**Work task**
Extract the lines from the first one in the records below through the line containing "This necklace is", keeping both ends and leaving out any pictures.

(Records from a dataset)
--- START ---

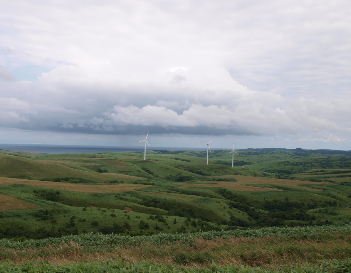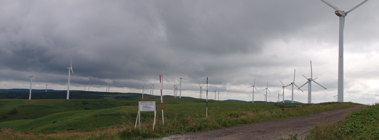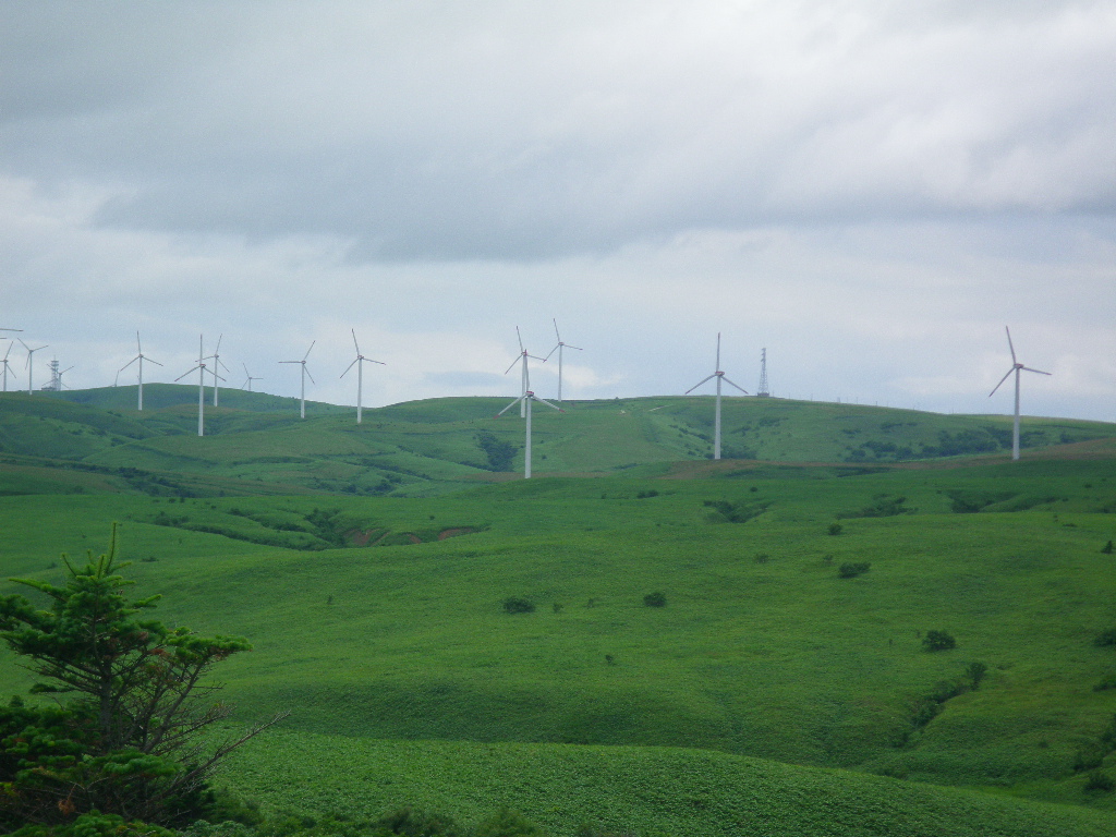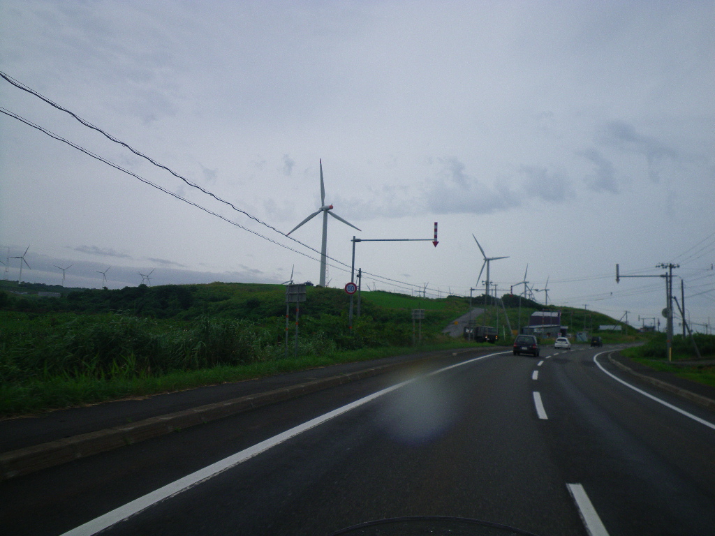 | 一般的にこのまま宗谷丘陵を通過してしまうのだが、ここはちょっと寄り道。宗谷岬から上がると突き当りを右へ行くのだがここは左の天文台のほうへ向かう。天文台の小道に入ると目の前に風車がいっぱい。 |
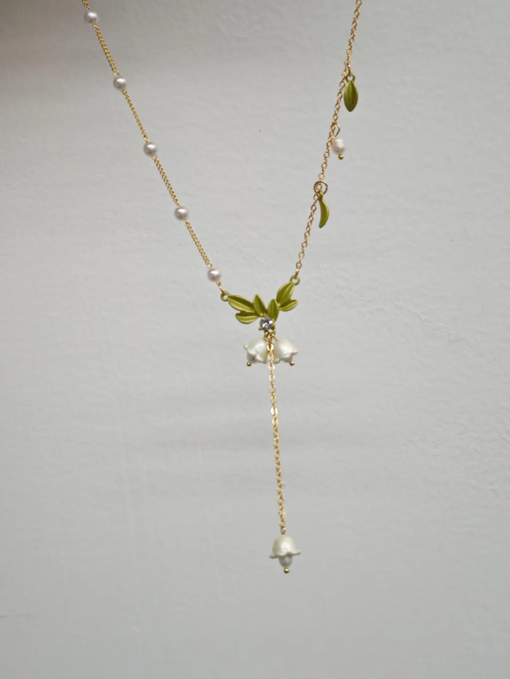 This necklace is so soft and romantic. The little lily of the valley blooms look gentle and elegant, and the Y-shape makes it even more graceful.
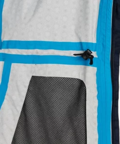 - Kapuze mit Schirm, Volumenregulierung hinten (mit Klettverschluss) und elastischen Einsätzen an den Seiten
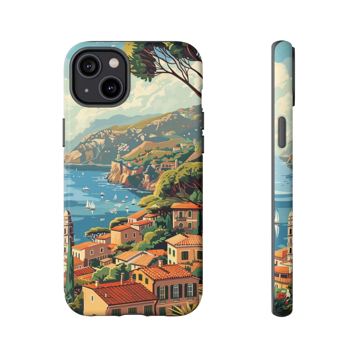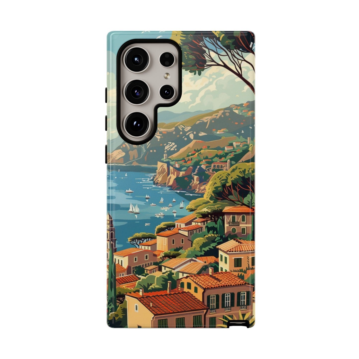Travel back in time to the glamorous French Riviera with our Midcentury French Riviera Landscape Painting Phone Case. Available for iPhone 15, 14, Pro Max, 13, 12 and Samsung Galaxy S24, S23, S22, S21, as well as Google Pixel devices, this case showcases a breathtaking midcentury landscape painting of the famed French coastline. The vivid colors and nostalgic design capture the timeless charm of the Riviera, making it a perfect blend of art and modern protection for your smartphone.
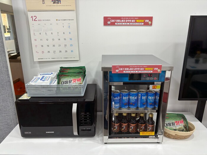 쉼터에는 이동노동자가 추위에 언 몸을 녹일 수 있도록 난방기가 상시 가동되며, 핫팩 등 방한물품이 준비돼 있다.
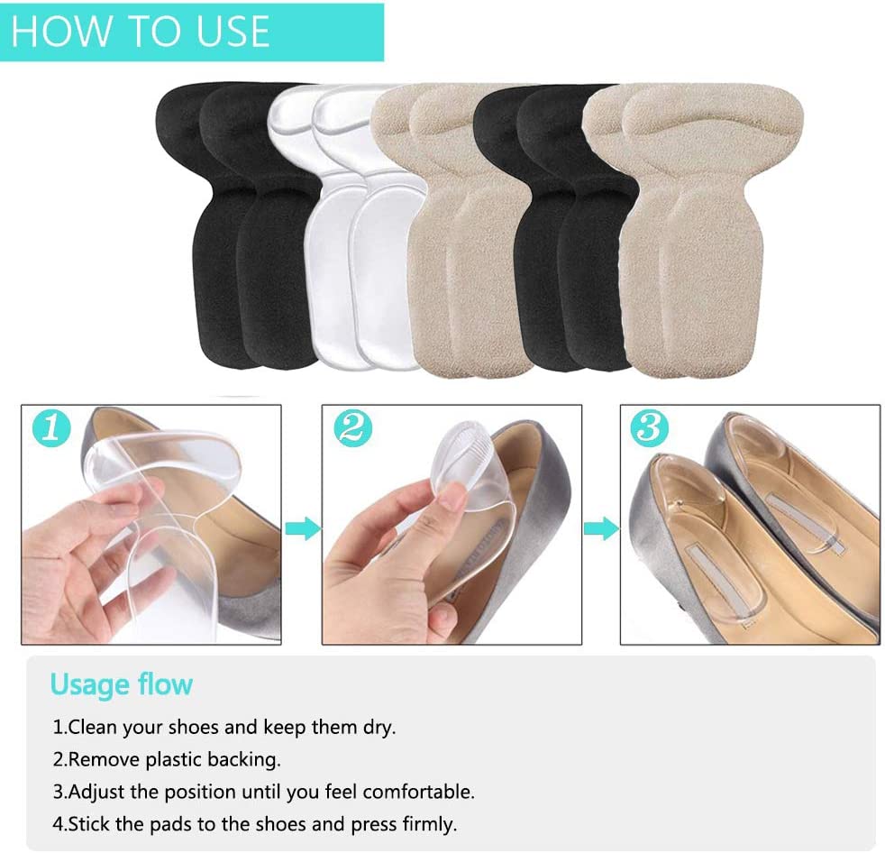 LOOSE SHOES:We recommend that you use them in loose shoes to avoid pinching your feet.The heel grips are designed to fit the outline of the heel part of the shoe.Reduces about 1/4 to 1/2 ish of sizes. These heel cushion inserts make shoes a bit more tight. Gel material stop your feet from slipping in and out of your shoes.
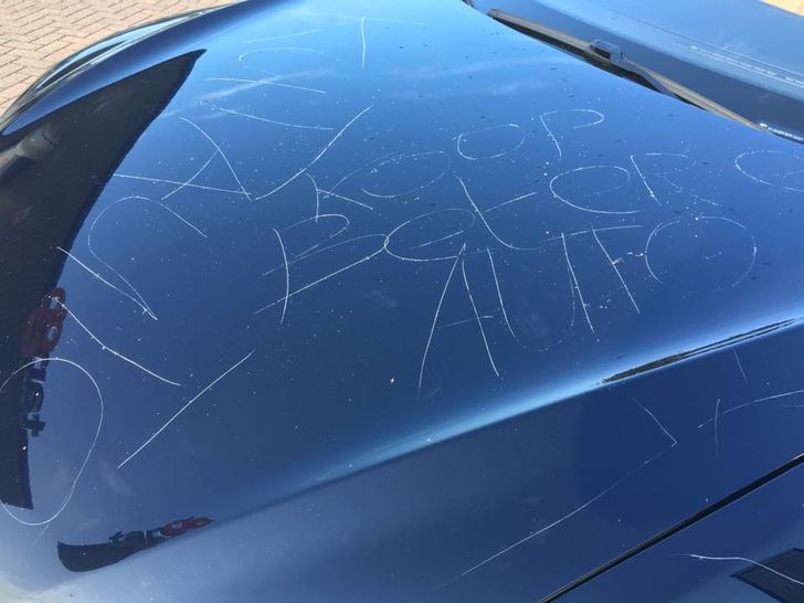 Foto: Vandalisme op Tesla Model S, in Breda, 2016.

--- END ---

**Answer for this exercise**
 | 一般的にこのまま宗谷丘陵を通過してしまうのだが、ここはちょっと寄り道。宗谷岬から上がると突き当りを右へ行くのだがここは左の天文台のほうへ向かう。天文台の小道に入ると目の前に風車がいっぱい。 |
 This necklace is so soft and romantic. The little lily of the valley blooms look gentle and elegant, and the Y-shape makes it even more graceful.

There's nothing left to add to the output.